Circadian clock control of translation fidelity through MetRS-mediated methionine misincorporation
Circadian clock control of translation fidelity through MetRS-mediated methionine misincorporation
Best, G.; Mohan, S.; Purvine, S.; Bell-Pedersen, D.
AbstractTranslation fidelity is generally viewed as a constitutive process that deteriorates under stress and aging. Here we show that the fidelity of amino acid incorporation is instead dynamically regulated by the circadian clock. In Neurospora crassa, methionine (Met) misincorporation into proteins exhibits robust daily rhythms, peaking at night coincident with elevated reactive oxygen species (ROS). Rhythmic Met misincorporation requires the circadian clock, the ERK-family MAPK MAK1, and MAK1-dependent phosphorylation of methionyl-tRNA synthetase (MetRS), linking circadian signaling to regulated mistranslation associated with oxidative stress resistance.

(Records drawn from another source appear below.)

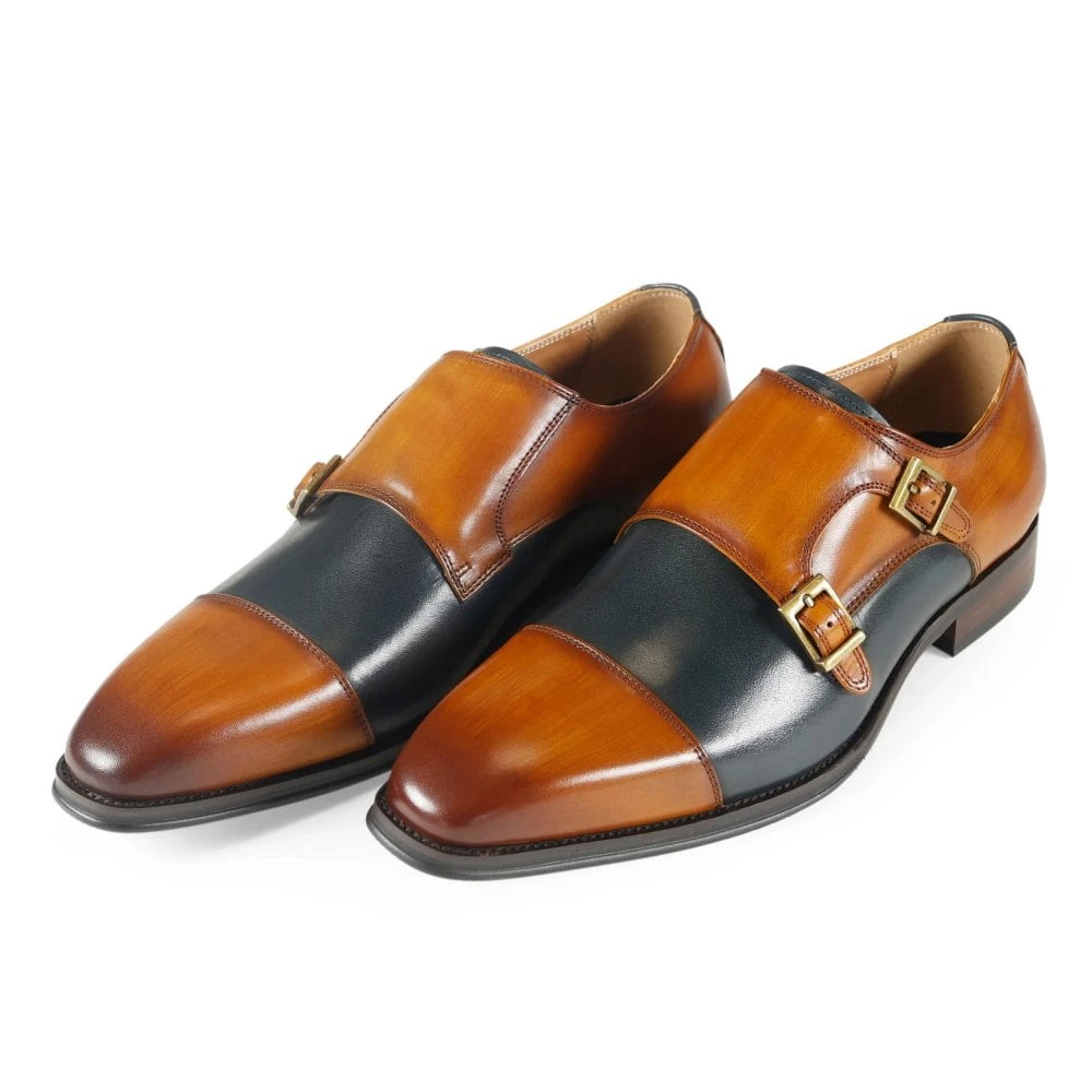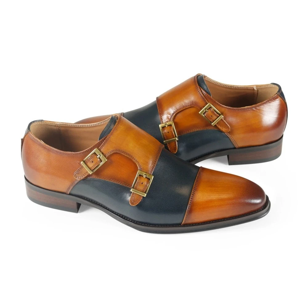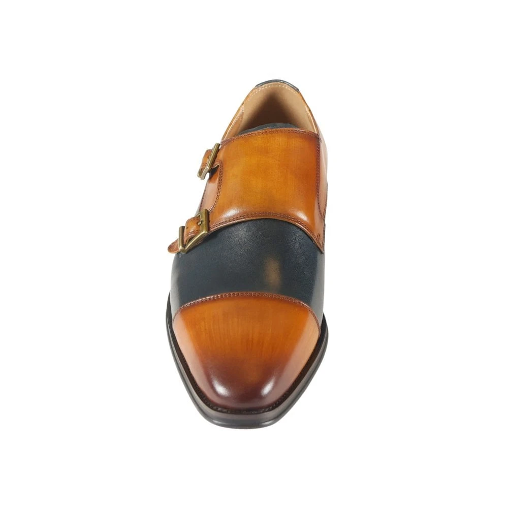 Azor Men’s Monk Strap Shoes Tan/Navy: LC LOMBARDY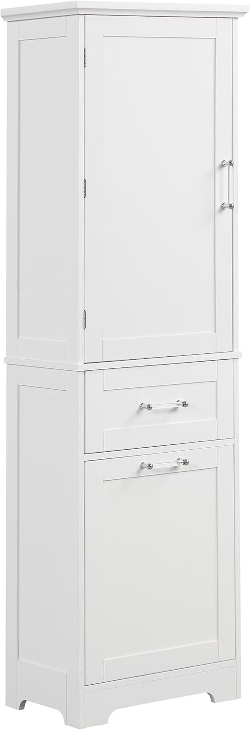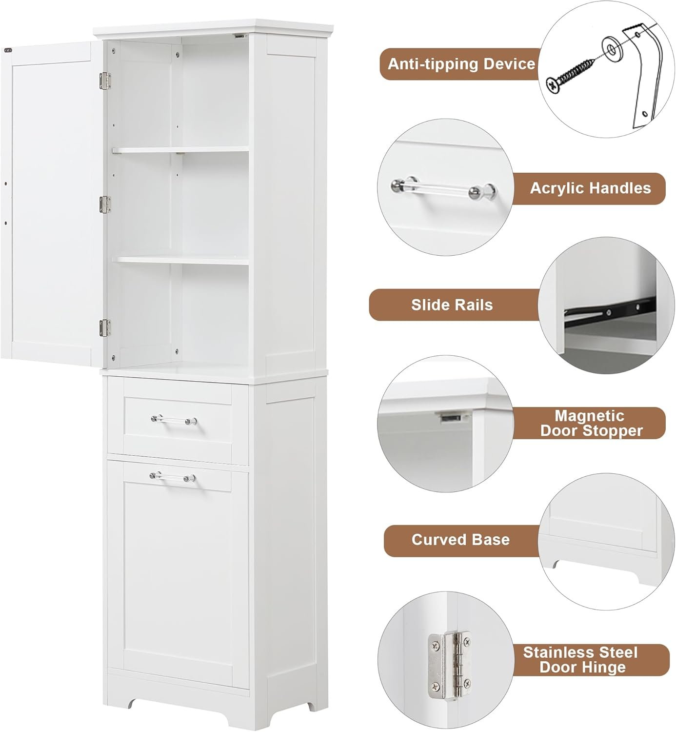 Material – The main frame and the doors of this cabinet are made of high-quality MDF boards with painted finish. Importantly, the surface, feeling smooth, is water-proof and easy to clean. The door handle, hinge and drawer slide is made of metal, which is sturdy and durable.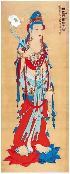 天女的裙子是艳红的,但飘带是浅蓝的;菩萨的脸是白的,但眉毛是墨黑的;连头发上的珠子,都是 “红配绿”—— 但就是不土,因为颜色的深浅、面积的大小,都卡得刚刚好。这就是咱中国人刻在骨子里的审美:讲究 “平衡”,不是 “一味淡”,也不是 “一味艳”,是 “浓淡刚好戳中眼”。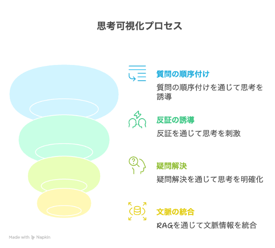 - 想定応用:ニーズ発掘,学習者のリフレクション支援,研究計画レビュー,組織の意思決定会議のファシリテーション.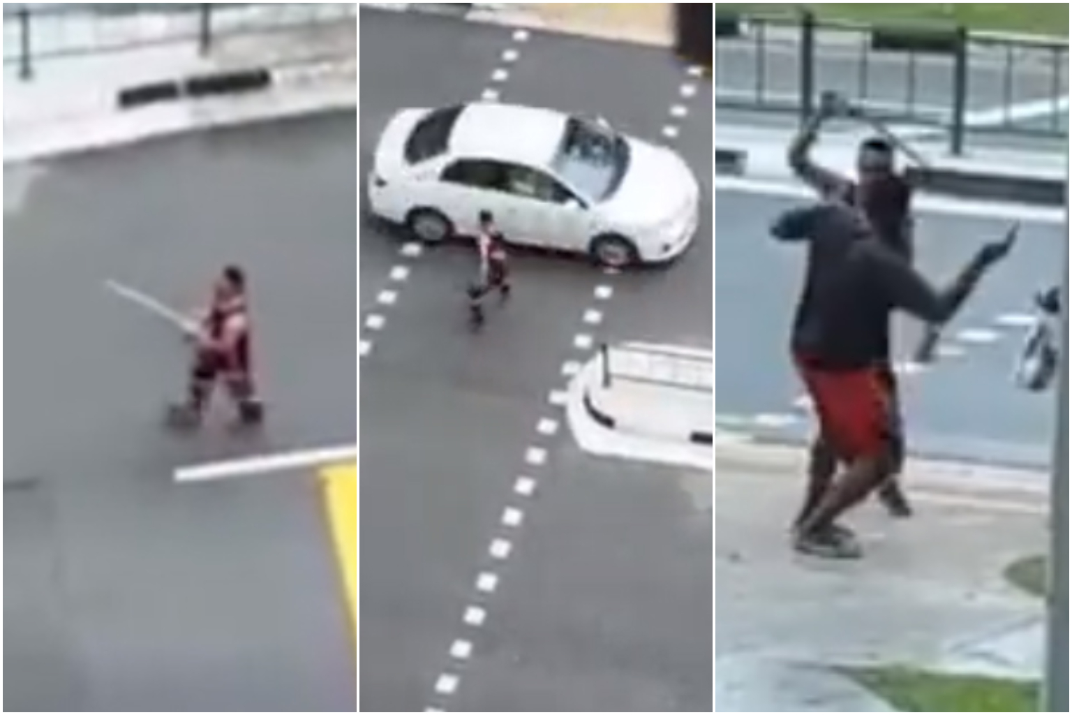 The man and two members of the public sustained minor injuries, with one man taken to Sengkang General Hospital conscious after suffering two superficial slash wounds on his left arm. Another suffered abrasions on his left knee.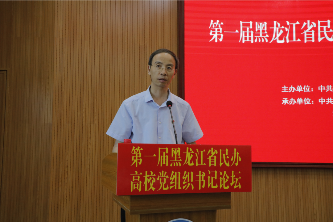 图说:为深化党建“示范创建”,推动民办高校党建提质增效,6月23日,省委教育工委举办第一届黑龙江省民办高校党组织书记论坛。我校党委书记徐德荣在会上作题为《以“14445”模式为载体 推进党建“示范创建”》的交流发言。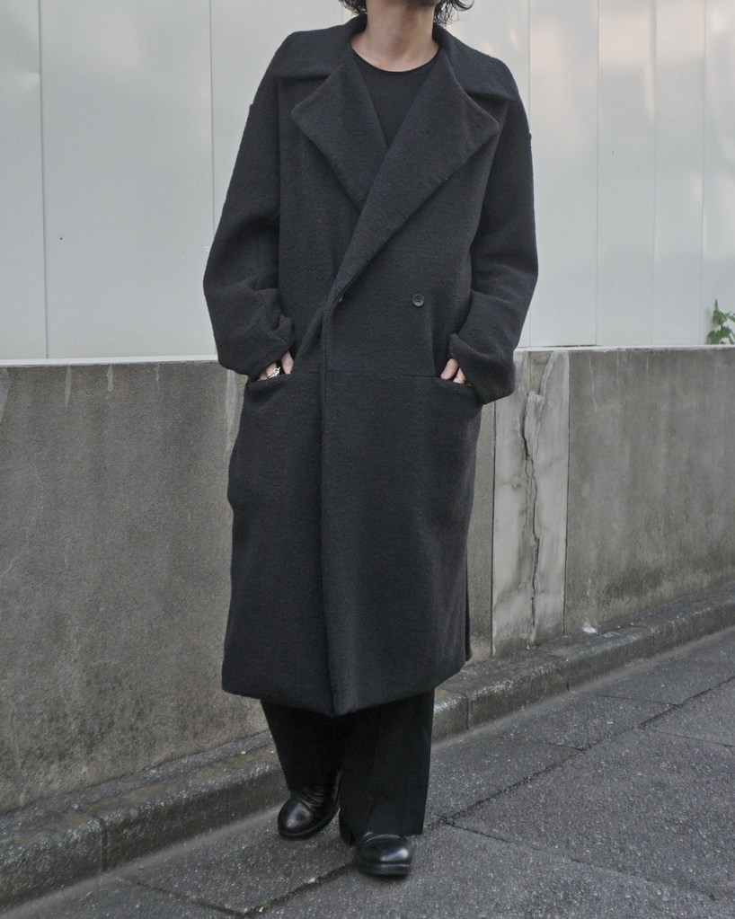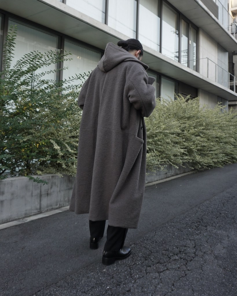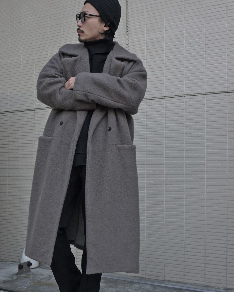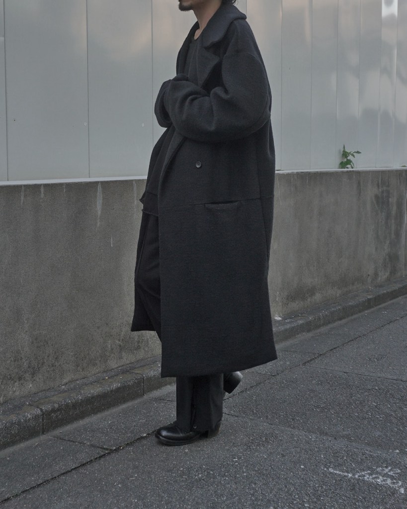 これが例えばメルトン系のハードな質感ですとまた全然違う印象になってしまいますのでこの素材ありきの形かと思います。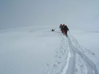 bella gita , gran caldo e molto vento in vetta, peccato per le nebbie perso il gran panorama dalla vetta. in discesa risalito il pendio…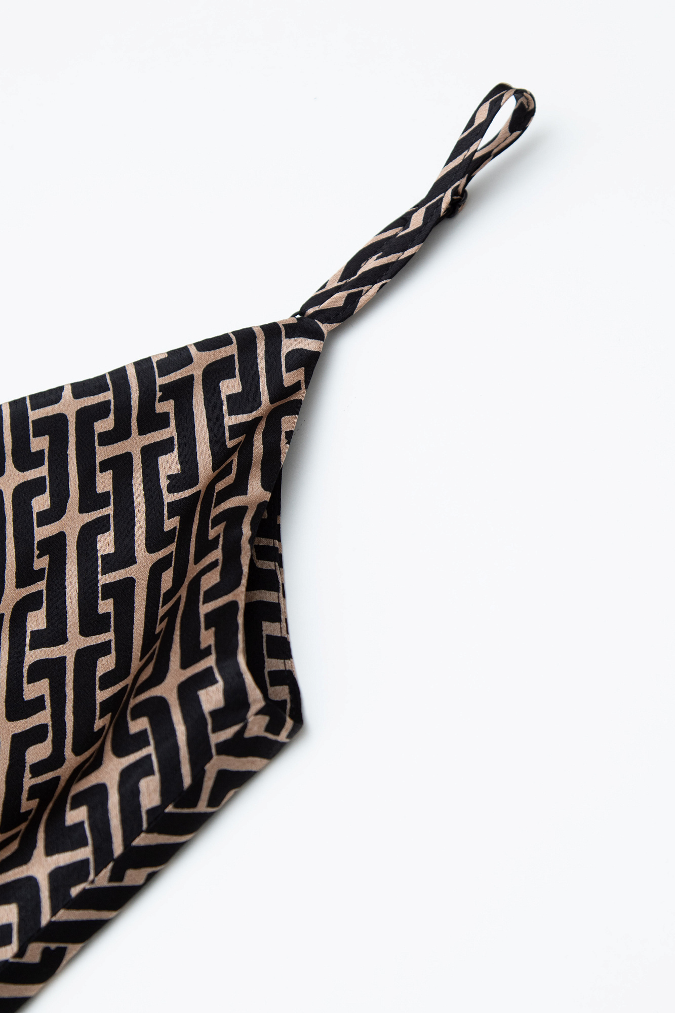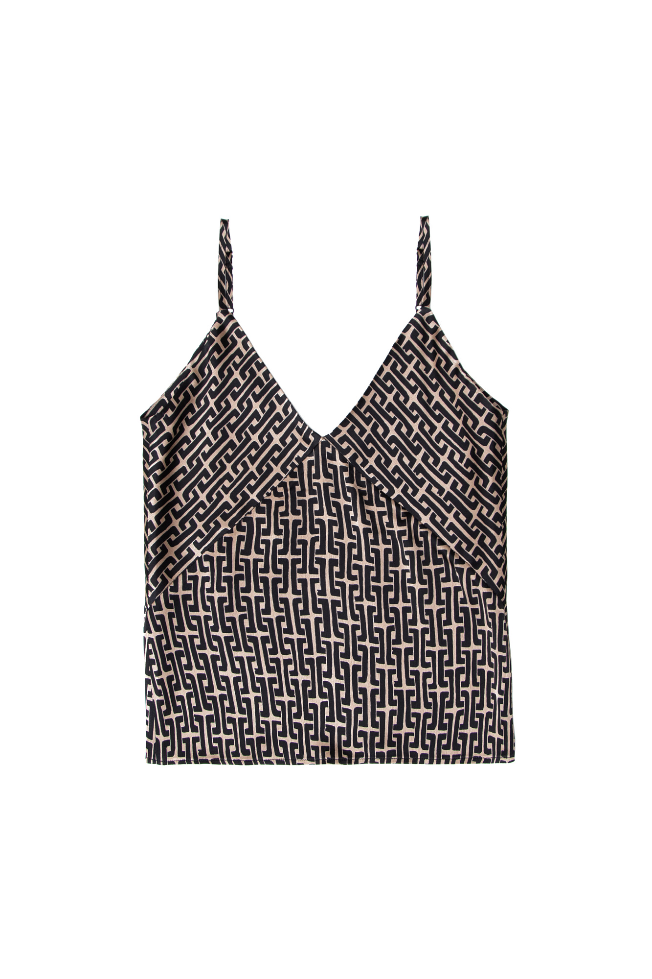 Атласный топ с принтом на тонких регулируемых бретелях. Дополнить образ можно атласной юбкой.

Preventing MetRS phosphorylation abolishes rhythmic Met misincorporation, impairs growth, and increases sensitivity to oxidative stress, whereas a phosphomimetic MetRS mutant enhances oxidative stress survival. Proteome-wide analyses identified thousands of Met misincorporation events, including a rhythmic subset that oscillates independently of corresponding protein abundance, suggesting that mistranslation dynamically remodels proteome composition across the day. Together, these findings establish translation fidelity as a regulated circadian output and support a model in which the circadian clock temporally regulates mistranslation to enhance oxidative stress resilience. Significance StatementBiological clocks regulate translation termination fidelity, but whether they also control the accuracy of amino acid incorporation during protein synthesis was unknown. We show that the circadian clock drives rhythmic methionine misincorporation into proteins through ERK-family MAPK signaling and phosphorylation of methionyl-tRNA synthetase. Methionine misincorporation peaks during periods of elevated oxidative stress, and disrupting this regulation compromises oxidative stress survival, whereas constitutive activation enhances resistance. Together with previous work on translation termination fidelity, these findings reveal that biological clocks regulate multiple layers of translation fidelity and identify adaptive mistranslation as a mechanism that promotes cellular resilience.